Strikers are losing public support, admits rail baron Whelan

Mick Whelan admits that only half the public now support the strikers
Mick Whelan admits that only half the public now support the strikers - LUCY NORTH/PA

Public support for train drivers’ strikes is ebbing away, the secretary of the Aslef trade union has admitted.

Mick Whelan, general secretary of the train drivers’ union, said that support among the general public for industrial action by train drivers had dropped by a third.

“At one point we had 75 per cent of public approval. Now it’s down to just over 50,” he told reporters in London.

“We’ve never actually experienced, until now, a transport dispute where we have public approval,” added the 64-year-old, who took up his post in 2011.

Mr Whelan’s admission comes during a bitter dispute between Aslef members and 16 train companies around the country.

Industrial action has been running for almost two years, causing misery for rail passengers

and pushing travellers away from the railways.

Passengers have been badly hit by the dispute which has continued for almost two years
Passengers have been badly hit by the dispute which has continued for almost two years - KEN JACK/GETTY IMAGES EUROPE

Other rail unions, including the RMT and the Transport Salaried Staffs’ Association, have settled pay disputes with the Government, leaving Aslef as the only holdout.

Aslef members say they have not had a pay rise for two years, while the Government says Aslef is refusing to put an offer to its members that would see drivers’ average salaries rise to £65,000.

Mr Whelan said that his members had recently voted to continue striking, adding that union rules prevent its bosses from letting members vote on a pay deal that its leaders do not endorse.

“We’re not the villains of this piece,” he said. “We’re the people that actually don’t want to be out on strike. People don’t want to be losing money.”

Claims by the Aslef secretary that his union’s ongoing strikes are still backed by the public despite waning support are cast into doubt by recent opinion polling.

Passenger numbers have dropped from 1.7 billion in 2019 to 1.4 billion last year
Passenger numbers have dropped from 1.7 billion in 2019 to 1.4 billion last year - JOE GIDDENS/PA

A survey by Ipsos revealed that just one in five Britons think rail services can be relied upon, while just under two-thirds of 2,000 adults thought strikes were contributing towards the poor quality of rail services.

Passenger numbers, meanwhile, remain stubbornly below their 2019 level of 1.7 billion journeys. Last year they languished at just 1.4 billion journeys.

Officials have accused the strikers of pushing people off the railways. The most recent Aslef strike days in January and February coincided with a Government-backed ticket discounting initiative called the Great British Rail Sale.

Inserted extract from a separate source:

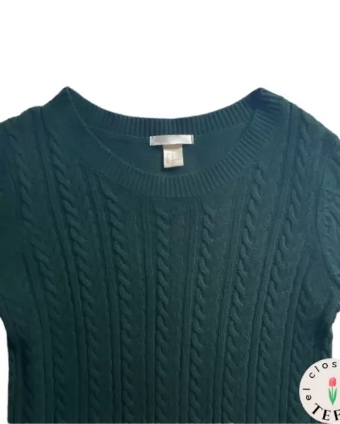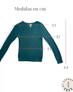 Suéter con relieve verde oscuro. * Colección invierno 2021* Queda a talla XS y S* Color verde oscuro* Calientito y cómodo * Manga larga* Tiene un hoyito de 5 milímetros en el área del brazo derecho (foto 5)* Con mucha vida útil, muy combinable y versátil * Medidas sin estirar: hombro 43, pecho 45, manga 64, largo 62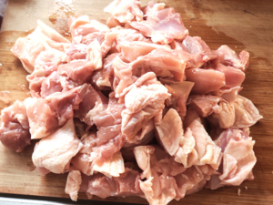 ![]() ①鶏肉は、大きめの一口大に切ります。 |

Just half of the 1.2 million available tickets were sold, with rail tsar Conrad Bailey telling Parliament’s Transport Select Committee in February that strikes were to blame for low sales.

Attempts to break the strikes through new legislation have largely failed. Although the Government passed so-called Minimum Service Levels (MSL) laws last year to let employers force strikers back to work, they have been furiously resisted by Aslef.

Punitive

Speaking to the press, Mr Whelan said the MSL laws were intended to be “punitive” and to act as a trap for the Government to “destroy” his union.

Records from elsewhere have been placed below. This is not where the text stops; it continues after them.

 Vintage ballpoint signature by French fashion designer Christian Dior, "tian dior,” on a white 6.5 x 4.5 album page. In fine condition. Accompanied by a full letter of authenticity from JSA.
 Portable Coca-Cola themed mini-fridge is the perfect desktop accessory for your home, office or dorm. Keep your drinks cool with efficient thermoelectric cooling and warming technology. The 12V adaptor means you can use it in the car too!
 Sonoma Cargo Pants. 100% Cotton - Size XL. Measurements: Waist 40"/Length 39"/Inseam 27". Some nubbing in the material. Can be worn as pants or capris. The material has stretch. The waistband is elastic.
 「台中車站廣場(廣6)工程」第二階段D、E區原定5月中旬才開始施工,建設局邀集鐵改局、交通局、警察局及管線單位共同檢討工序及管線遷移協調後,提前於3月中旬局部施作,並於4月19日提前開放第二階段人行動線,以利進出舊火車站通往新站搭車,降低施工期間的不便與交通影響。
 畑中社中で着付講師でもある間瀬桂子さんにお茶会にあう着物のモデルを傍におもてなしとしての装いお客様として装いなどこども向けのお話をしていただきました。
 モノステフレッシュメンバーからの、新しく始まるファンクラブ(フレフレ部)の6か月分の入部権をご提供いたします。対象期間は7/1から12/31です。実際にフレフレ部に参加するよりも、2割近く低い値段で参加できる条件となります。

Highlighting the complexity of trade union laws and the rules on correctly calling strike ballots, the Aslef secretary said: “If we get it wrong, the damages are a million pounds a day.

“With 16 different companies, you don’t have to be a genius to work out if we get any of this wrong we’ll be in the High Court. And it’s about sequestering your funds, about destroying the movement. It’s about taking away the voice of the people I represent.”

During his wide-ranging conversation with the press, the union boss also hit out at the private sector involvement in the running of the railways.

Guaranteed return

Echoing Labour’s calls for the state to re-take full control of the trains, the Aslef secretary condemned the 2 per cent profit margin typically taken by owners of train companies.

“Two per cent on billions is in a guaranteed market, where you’re being funded and subsidised to operate within it before you start. It is a model that most other businesses would love; a guaranteed return on investment,” said Mr Whelan.

Just one of the UK’s 20 train companies, Greater Anglia, made a financial surplus last year. The rest of the passenger rail sector is propped up by £12 billion in subsidies, while income from passengers totalled £9.2 billion.

One senior rail executive recently told The Telegraph that his company’s operations added between £500,000 and £1 million a year to its parent company’s profits, which are measured in the hundreds of millions of pounds.

The Government says it has spent more than £100 billion on the rail network since 2010, and that state-owned infrastructure company Network Rail will receive £44.1 billion over the next five years.